Given data =
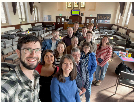
Some of the helpers for the Ripley Alpha Day last term!
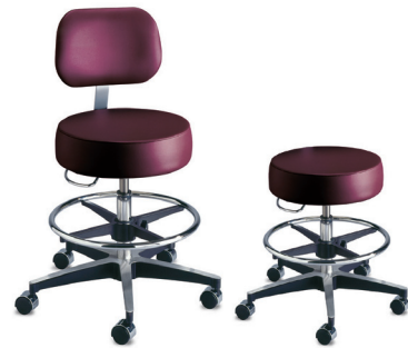
Model 11001BFR in Cabernet
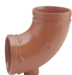
Model V-7110DR 90° Drain Elbow with 1" Outlet

Work order =
Go through the listing above and list every line that has the word "Model".

Task response =
Model 11001BFR in Cabernet
Model V-7110DR 90° Drain Elbow with 1" Outlet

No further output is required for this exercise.